Author: Hayley Crawford

In this week's Journal Club, Hayley Crawford ponders on the implications of correlates analysis of the RV144 trial results and goes over recent data on immunogenicity of several T-cell vaccines.


At AIDS Vaccine 2011 in Bangkok, Thailand, Barton Haynes presented results from the immune correlates study performed on subjects from the Thai RV144 trial. For those of you who have spent the past 2 years under an ice bucket, this trial tested an ALVAC prime (a canarypox vector encoding gp120-clade E, gp41-clade B, and Gag-Protease-clade B) and an AIDSVAX boost (a bivalent gp120-clades B and E) in over 16,000 HIV-negative volunteers in Thailand. The vaccine was safe and 31.2% effective at preventing HIV infection. While this figure appears low, it is encouraging and a step in the right direction: it’s the first trial to demonstrate fewer infections in the vaccine group than in the control group (click here for details).

In the two years since the initial findings were presented at AIDS Vaccine 2009 in Paris, France, 20 labs around the world have performed analyses on samples from 286 subjects from this trial in order to determine the immune correlates responsible for the reduction in infections.

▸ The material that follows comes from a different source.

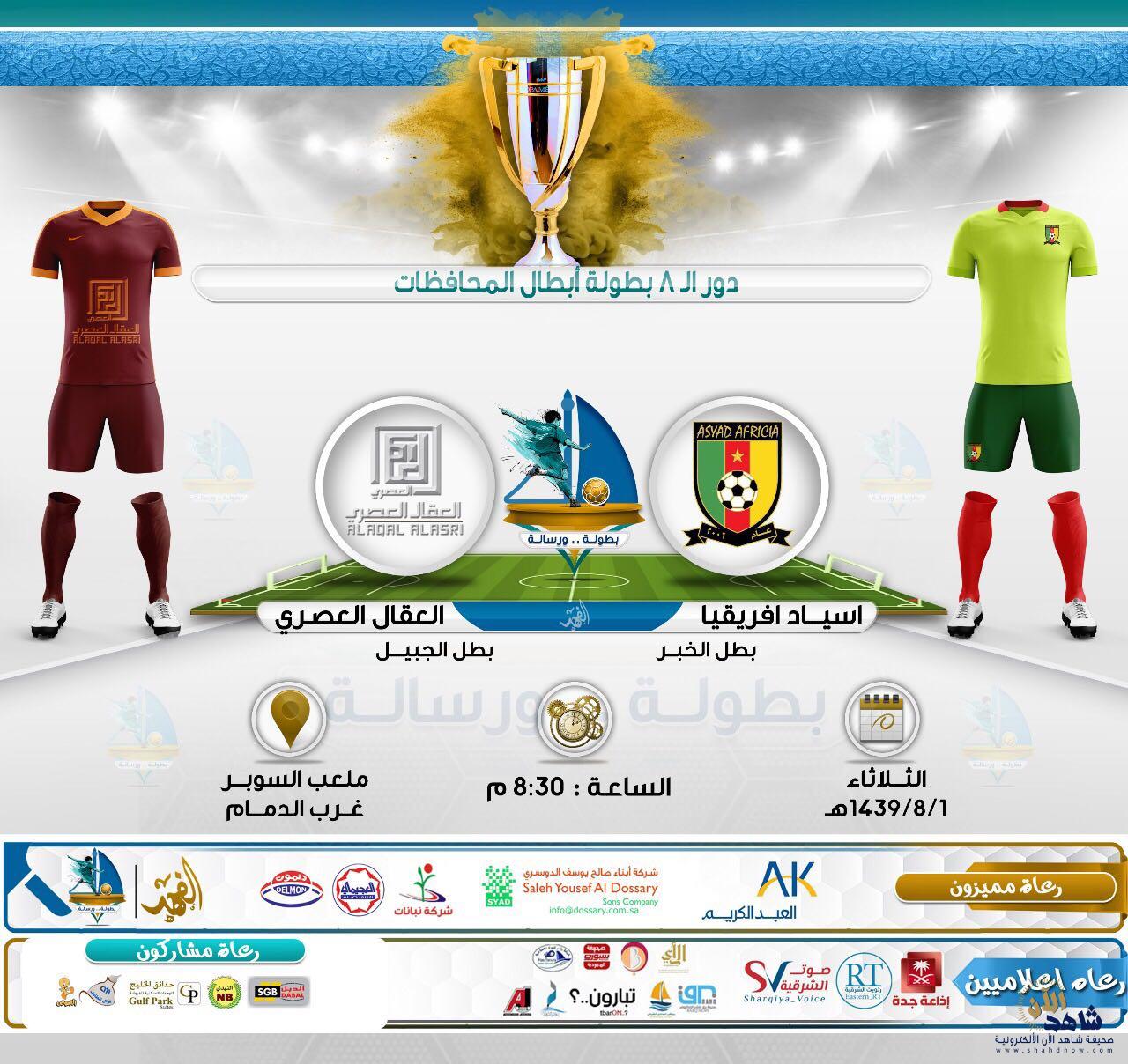 ينطلق مساء اليوم الثلاثاء دور الـ 8 لبطولة أبطال المحافظات على ملعب السوبر غرب الدمام بمواجهتين ..

In Bangkok, Dr. Haynes reported that two immune responses were significantly associated with the HIV infection rate. The first one, IgG antibodies recognising the V1/V2 loop in Env, was associated with a 43% reduction in the infection rate. The second response, IgA antibodies, was associated with a 54% increase in the infection rate. But before we blame IgA for our vaccine woes, take note that this finding suggests only that IgA may interfere with protection against HIV infection, as no indication of enhancement of infection has been found for the vaccine arm.

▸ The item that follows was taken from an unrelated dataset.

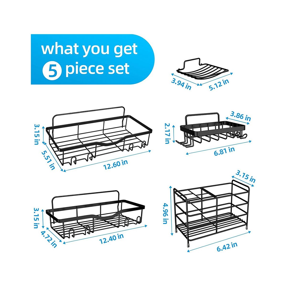 Package Contents: Our package includes 2 different size hanging shower caddy baskets, 2 soap dish holders, 1 toothbrush holder and accessories 6 x adhesives

Only one of the six primary assays used in the search for correlates of protection focused on cellular immune responses: the measurement of intracellular cytokines in CD4+ T cells. But the results there showed not much difference, and were far from significant. There are, however, secondary assays currently in progress, and these include more cellular assays. One early finding is inspiring: there was a ~60% reduction in infection rates in subjects with medium to high levels of cytokines secreted by PBMCs (Figure 1). Does this give cellular immunity a starring role alongside the vaccine fan’s favourites, antibodies?


Figure. 1. Slide from Barton Haynes’ presentation at AV2011, showing an association between medium/high PBMC cytokine levels and a ~60% decrease in probability of acquiring infection.

Let’s take a look at recent studies on developing and testing the immunogenicity of T cell vaccines:

Studies from Mariano Esteban’s group in Barcelona, Spain, published recently in both Vaccine (Garcia et al., 2011) and Journal of Virology (Gomez et al., 2011), tested an MVA-B vaccine, containing Env, Gag, Pol and Nef. This construct, intended to be a therapeutic vaccine, elicited T cell responses (predominantly Env-specific) in 75% of vaccinees, and antibodies in 95%. Neutralizing antibodies were detected in 33% of vaccinees. However, before your high percentage-centric excitement bubbles over, it’s worth mentioning that the study numbers were extremely small: there were only 30 participants in the study, and 6 of those were given placebo shots. Plus, only one clade was researched: clade B.

Another vaccine regimen displaying good immunogenicity, if Env-specific CD4+ are what you’re after, is a PENNVAX-G DNA prime (gp120-A/C/D, gag-A/B/C/D), MVA-CMDR boost (env/gag/pol-CRF01_AE) from the United States Military HIV Research Program in Rockville, Maryland. The immunogenicity of the MVA-CMDR component was described in a paper published in PLoS ONE last year (Currier et al., 2010) by this group, looking at 48 HIV-negative low-risk subjects. Env-specific CD4+ T cells were invoked in 100% of subjects, Env-specific CD8+ T cells arose in 30% of subjects, while 40% of subjects had Gag-specific CD8+ T cells. Importantly, these responses were durable: lymphoproliferative response rates (an increase in T cell production) were at 100% in the intramuscular groups at six months (Figure 2).

Figure 2. Lymphocyte proliferation responses for each dose and route. An increase in the production of lymphocytes was seen in 100% of vaccines post-vaccination (red dots). A higher response to gp140 was observed, compared to p24 (A & B); and the magnitude of the response was route-dependent: the intramuscular (IM) route stimulated more than the intradermal (ID) route. Cross-reactivity of the T cells was shown by stimulation with WIV (whole inactivated virus) antigen (C & D).   (Currier et al, 2010).

Jeffrey Currier presented data on the subsequent PENNVAX-G DNA prime/MVA-CMDR boost trial at AIDS Vaccine 2011. His team found that the prime/boost, delivered either by needle-free intramuscular injection or in vivo intramuscular electroporation, had very similar results to the MVA-CMDR alone: 100% and 45% of subjects had Env-specific CD4+ and CD8+ T cells, respectively, and 55% and 18% had Gag-specific CD4+ and CD8+ T cells, respectively. The CD8+ responses were predominantly effector memory cells, which act immediately and are important controllers of early HIV infection.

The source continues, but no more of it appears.